**Data section:**
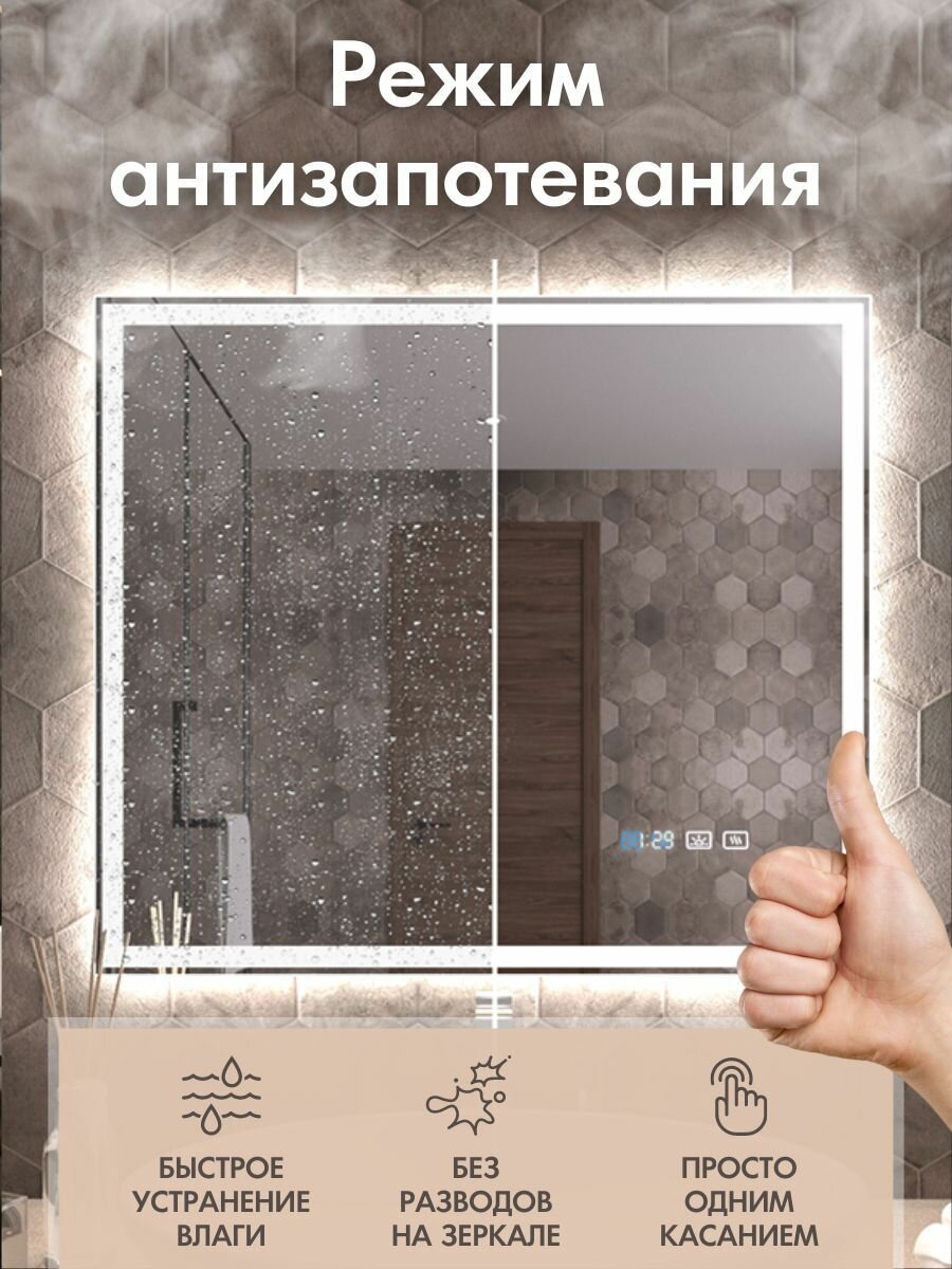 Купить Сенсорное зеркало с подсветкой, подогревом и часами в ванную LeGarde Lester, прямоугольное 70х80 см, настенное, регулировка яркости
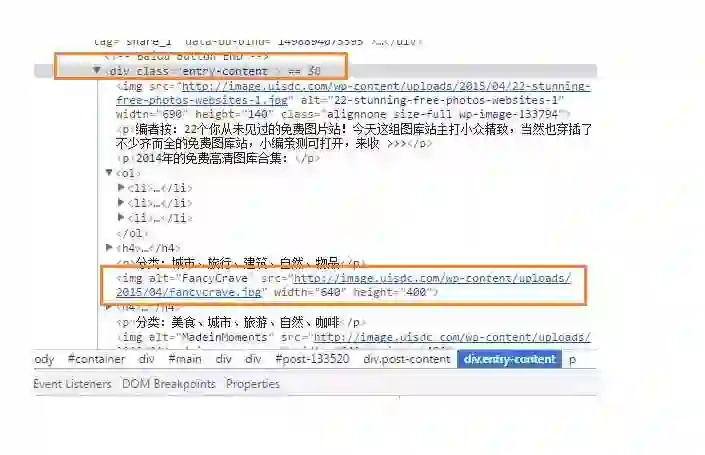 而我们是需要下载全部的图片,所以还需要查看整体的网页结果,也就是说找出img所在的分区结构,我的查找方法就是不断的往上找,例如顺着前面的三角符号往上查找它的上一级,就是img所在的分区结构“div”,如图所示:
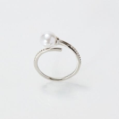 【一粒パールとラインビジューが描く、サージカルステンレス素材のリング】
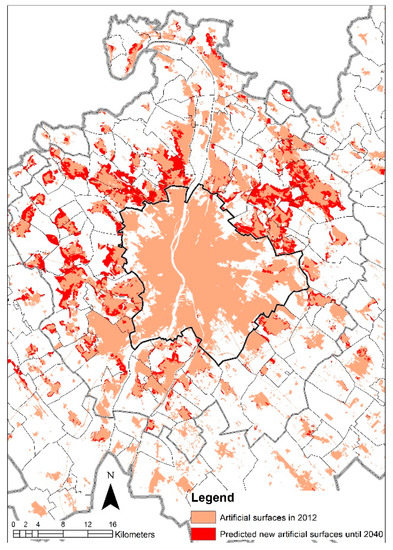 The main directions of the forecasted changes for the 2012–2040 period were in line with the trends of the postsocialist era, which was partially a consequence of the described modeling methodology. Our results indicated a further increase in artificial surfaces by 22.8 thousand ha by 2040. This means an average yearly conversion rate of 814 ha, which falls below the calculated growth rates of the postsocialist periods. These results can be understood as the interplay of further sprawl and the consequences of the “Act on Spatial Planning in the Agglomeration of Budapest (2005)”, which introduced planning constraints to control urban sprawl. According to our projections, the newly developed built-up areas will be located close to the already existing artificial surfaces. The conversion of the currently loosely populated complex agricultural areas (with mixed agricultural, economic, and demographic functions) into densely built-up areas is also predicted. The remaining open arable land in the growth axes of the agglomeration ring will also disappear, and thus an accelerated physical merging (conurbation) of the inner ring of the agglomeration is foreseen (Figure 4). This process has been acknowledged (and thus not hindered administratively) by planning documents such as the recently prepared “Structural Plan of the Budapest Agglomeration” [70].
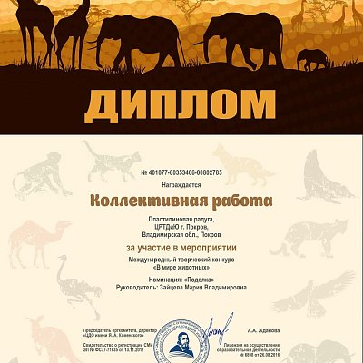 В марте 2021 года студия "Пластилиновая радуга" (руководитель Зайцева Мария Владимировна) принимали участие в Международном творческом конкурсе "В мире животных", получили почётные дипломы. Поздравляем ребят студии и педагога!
...
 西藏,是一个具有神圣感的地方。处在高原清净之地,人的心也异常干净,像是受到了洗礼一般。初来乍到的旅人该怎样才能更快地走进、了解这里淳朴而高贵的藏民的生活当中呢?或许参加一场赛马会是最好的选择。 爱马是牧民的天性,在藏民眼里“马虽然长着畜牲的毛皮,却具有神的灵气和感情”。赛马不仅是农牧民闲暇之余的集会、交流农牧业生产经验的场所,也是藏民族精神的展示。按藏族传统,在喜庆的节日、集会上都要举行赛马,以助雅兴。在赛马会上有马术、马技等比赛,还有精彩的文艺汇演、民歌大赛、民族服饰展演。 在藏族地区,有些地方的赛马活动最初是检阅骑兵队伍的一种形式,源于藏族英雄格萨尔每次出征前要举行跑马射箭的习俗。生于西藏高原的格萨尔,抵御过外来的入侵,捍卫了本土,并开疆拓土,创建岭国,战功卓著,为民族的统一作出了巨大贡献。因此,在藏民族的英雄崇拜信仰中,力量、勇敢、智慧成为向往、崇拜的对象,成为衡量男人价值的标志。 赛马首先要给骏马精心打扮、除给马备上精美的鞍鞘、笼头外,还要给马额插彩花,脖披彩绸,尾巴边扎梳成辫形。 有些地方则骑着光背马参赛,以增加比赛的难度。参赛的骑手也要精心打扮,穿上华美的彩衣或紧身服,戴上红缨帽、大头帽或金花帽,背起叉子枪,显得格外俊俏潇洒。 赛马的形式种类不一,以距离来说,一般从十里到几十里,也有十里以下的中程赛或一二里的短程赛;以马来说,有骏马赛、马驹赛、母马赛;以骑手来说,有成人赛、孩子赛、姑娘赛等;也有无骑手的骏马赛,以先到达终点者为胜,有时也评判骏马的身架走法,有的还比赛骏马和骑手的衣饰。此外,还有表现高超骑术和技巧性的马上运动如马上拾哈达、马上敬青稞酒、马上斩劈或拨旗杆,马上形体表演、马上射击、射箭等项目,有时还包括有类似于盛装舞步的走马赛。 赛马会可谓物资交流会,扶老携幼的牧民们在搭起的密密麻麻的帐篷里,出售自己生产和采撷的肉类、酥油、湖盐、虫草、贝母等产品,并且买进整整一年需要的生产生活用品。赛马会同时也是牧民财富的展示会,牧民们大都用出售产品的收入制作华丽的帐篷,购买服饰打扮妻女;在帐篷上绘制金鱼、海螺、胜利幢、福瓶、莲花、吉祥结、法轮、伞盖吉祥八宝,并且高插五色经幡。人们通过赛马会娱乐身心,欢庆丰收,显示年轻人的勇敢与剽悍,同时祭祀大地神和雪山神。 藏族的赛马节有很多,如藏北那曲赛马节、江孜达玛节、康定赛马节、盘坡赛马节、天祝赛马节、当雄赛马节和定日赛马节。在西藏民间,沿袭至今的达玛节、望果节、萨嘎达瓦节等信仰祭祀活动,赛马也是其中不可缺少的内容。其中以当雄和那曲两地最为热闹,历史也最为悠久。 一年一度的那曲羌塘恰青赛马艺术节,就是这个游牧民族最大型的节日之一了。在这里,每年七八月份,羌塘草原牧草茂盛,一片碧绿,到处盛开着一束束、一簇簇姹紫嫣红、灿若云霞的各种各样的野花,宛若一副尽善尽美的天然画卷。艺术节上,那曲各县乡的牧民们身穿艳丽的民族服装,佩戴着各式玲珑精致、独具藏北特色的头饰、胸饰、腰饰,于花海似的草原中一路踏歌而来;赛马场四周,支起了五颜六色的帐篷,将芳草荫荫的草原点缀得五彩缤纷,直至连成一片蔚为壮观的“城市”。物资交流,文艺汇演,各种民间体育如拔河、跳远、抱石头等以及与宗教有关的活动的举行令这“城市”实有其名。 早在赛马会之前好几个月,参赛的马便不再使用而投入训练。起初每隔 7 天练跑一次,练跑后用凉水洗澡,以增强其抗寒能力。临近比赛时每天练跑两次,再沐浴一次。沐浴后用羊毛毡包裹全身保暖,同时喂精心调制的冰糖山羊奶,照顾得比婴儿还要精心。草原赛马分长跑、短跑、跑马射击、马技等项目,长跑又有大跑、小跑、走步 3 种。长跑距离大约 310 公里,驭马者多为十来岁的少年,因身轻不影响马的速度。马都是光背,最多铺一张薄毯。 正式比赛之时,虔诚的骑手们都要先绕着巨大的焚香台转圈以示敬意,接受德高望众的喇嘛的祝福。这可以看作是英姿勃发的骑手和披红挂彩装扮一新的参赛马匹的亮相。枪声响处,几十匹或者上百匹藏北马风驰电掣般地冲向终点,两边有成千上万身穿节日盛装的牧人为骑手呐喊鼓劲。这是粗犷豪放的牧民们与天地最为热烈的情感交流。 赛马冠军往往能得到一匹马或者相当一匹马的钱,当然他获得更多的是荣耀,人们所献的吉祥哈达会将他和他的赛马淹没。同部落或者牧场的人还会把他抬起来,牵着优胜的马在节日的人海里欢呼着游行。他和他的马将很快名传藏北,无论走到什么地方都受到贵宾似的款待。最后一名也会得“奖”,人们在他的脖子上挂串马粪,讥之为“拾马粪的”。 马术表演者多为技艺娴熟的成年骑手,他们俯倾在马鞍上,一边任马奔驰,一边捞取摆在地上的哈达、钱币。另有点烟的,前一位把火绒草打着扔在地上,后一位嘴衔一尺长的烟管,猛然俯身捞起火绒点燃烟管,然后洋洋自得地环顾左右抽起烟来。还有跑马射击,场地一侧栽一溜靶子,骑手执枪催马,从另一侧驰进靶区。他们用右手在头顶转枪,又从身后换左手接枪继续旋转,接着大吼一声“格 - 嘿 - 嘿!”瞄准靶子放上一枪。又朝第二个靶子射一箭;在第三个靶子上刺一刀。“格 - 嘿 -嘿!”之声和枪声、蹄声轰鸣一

**Your task:** With pictures omitted, repeat the entries above word for word from the line holding "Купить Сенсорное зеркало" down to the line holding "The main directions", keeping both of those lines.

**Task response:**
 Купить Сенсорное зеркало с подсветкой, подогревом и часами в ванную LeGarde Lester, прямоугольное 70х80 см, настенное, регулировка яркости
 而我们是需要下载全部的图片,所以还需要查看整体的网页结果,也就是说找出img所在的分区结构,我的查找方法就是不断的往上找,例如顺着前面的三角符号往上查找它的上一级,就是img所在的分区结构“div”,如图所示:
 【一粒パールとラインビジューが描く、サージカルステンレス素材のリング】
 The main directions of the forecasted changes for the 2012–2040 period were in line with the trends of the postsocialist era, which was partially a consequence of the described modeling methodology. Our results indicated a further increase in artificial surfaces by 22.8 thousand ha by 2040. This means an average yearly conversion rate of 814 ha, which falls below the calculated growth rates of the postsocialist periods. These results can be understood as the interplay of further sprawl and the consequences of the “Act on Spatial Planning in the Agglomeration of Budapest (2005)”, which introduced planning constraints to control urban sprawl. According to our projections, the newly developed built-up areas will be located close to the already existing artificial surfaces. The conversion of the currently loosely populated complex agricultural areas (with mixed agricultural, economic, and demographic functions) into densely built-up areas is also predicted. The remaining open arable land in the growth axes of the agglomeration ring will also disappear, and thus an accelerated physical merging (conurbation) of the inner ring of the agglomeration is foreseen (Figure 4). This process has been acknowledged (and thus not hindered administratively) by planning documents such as the recently prepared “Structural Plan of the Budapest Agglomeration” [70].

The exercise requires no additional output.